# Canon PowerShot SX70 HS Images and Specifications



## Canon Rumors Guy (Sep 19, 2018)

> The Canon PowerShot SX70 HS images and specifications have leaked ahead of the official announcement. This PowerShot has been a long time coming for fans of Canon’s superzooms such as the PowerShot SX60 HS.
> *Canon PowerShot SX 70 HS Specifications*
> 
> 21mp 1 / 2.3 sensor
> ...



Continue reading...


----------



## tron (Sep 19, 2018)

So same optical zoom, same sensor size, 5Mpixels more and 4K.


----------



## Canon Rumors Guy (Sep 19, 2018)

tron said:


> So same optical zoom, same sensor size, 5Mpixels more and 4K.



Quite a conservative update.


----------



## tron (Sep 19, 2018)

Canon Rumors Guy said:


> Quite a conservative update.


Exactly!
Unless the sensor is substantially improved which I doubt.


----------



## Mr Majestyk (Sep 19, 2018)

That's standard phone sensor these days, It has no place in a dedicated camera. 1/1.7" should be the bare minimum.

Oh and since this is Canon does the 4K come from a crop?


----------



## Camera Conspiracies (Sep 19, 2018)

That's actually a super intriguing update with 21mm on the wide end. This could be a fun all arounder for vlogs if they kept the mic jack. I'm used to 24mm on the sx50.


----------



## domo_p1000 (Sep 19, 2018)

4 years... almost 1500 days since the SX60 announcement, yet no change to the optics?

I suspect the sensor will be somewhat improved and if the additional 5MP resonates in terms of quality - and DIGIC 8 will be a welcome improvement, but this is a conservative announcement even by Canon's standards.

I note the inclusion of a barrel-mounted zoom control (in addition to one around the shutter button). Otherwise, they have relocated some buttons (sensible move for the video recording button) and the grip looks a little more substantial.

The SX60 stopped being my emergency spare when the G3x was released, but I will await the G3X MkII, rather than a slightly tweaked SX60!


----------



## AlanF (Sep 19, 2018)

I wonder if it wise upping the mpx to 21? I had the 12 mpx SX50 HS and liked it very much. I tried the SX60 HS but found that despite other improvements, the increase to 16 mpx didn't improve the images. Olympus has stuck with 12 mpx for its TG-5, which has been applauded by reviewers, and its fast lens has less DLA issues than the slower SX70 HS.


----------



## hendrik-sg (Sep 19, 2018)

This is a spec sheet update. More MPx is fantastic news for the user without physical understanding.

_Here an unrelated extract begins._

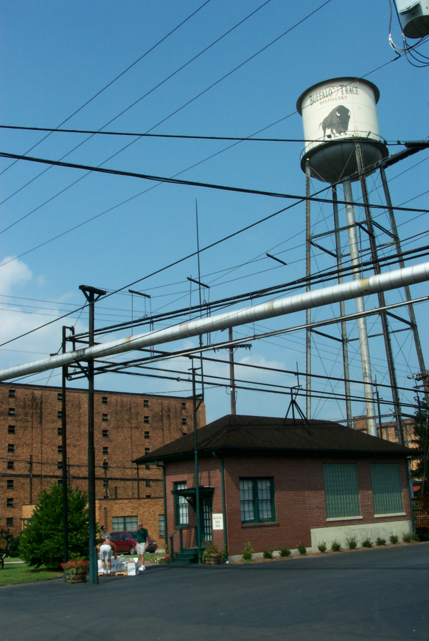 This image was copied from en. The original description was:Buffalo Trace Distillery Frankfort, Kentucky USA.

I wrote before, that this style of system is diffraction limited towards the long end (and IS limited in practical use) so more MPx is almost useless. almost, because the resolution converges towards the diffraction limit when the sensor resolutions goes towards infinity and the lens tends to be perfect.


----------



## tron (Sep 19, 2018)

Camera Conspiracies said:


> That's actually a super intriguing update with 21mm on the wide end. This could be a fun all arounder for vlogs if they kept the mic jack. I'm used to 24mm on the sx50.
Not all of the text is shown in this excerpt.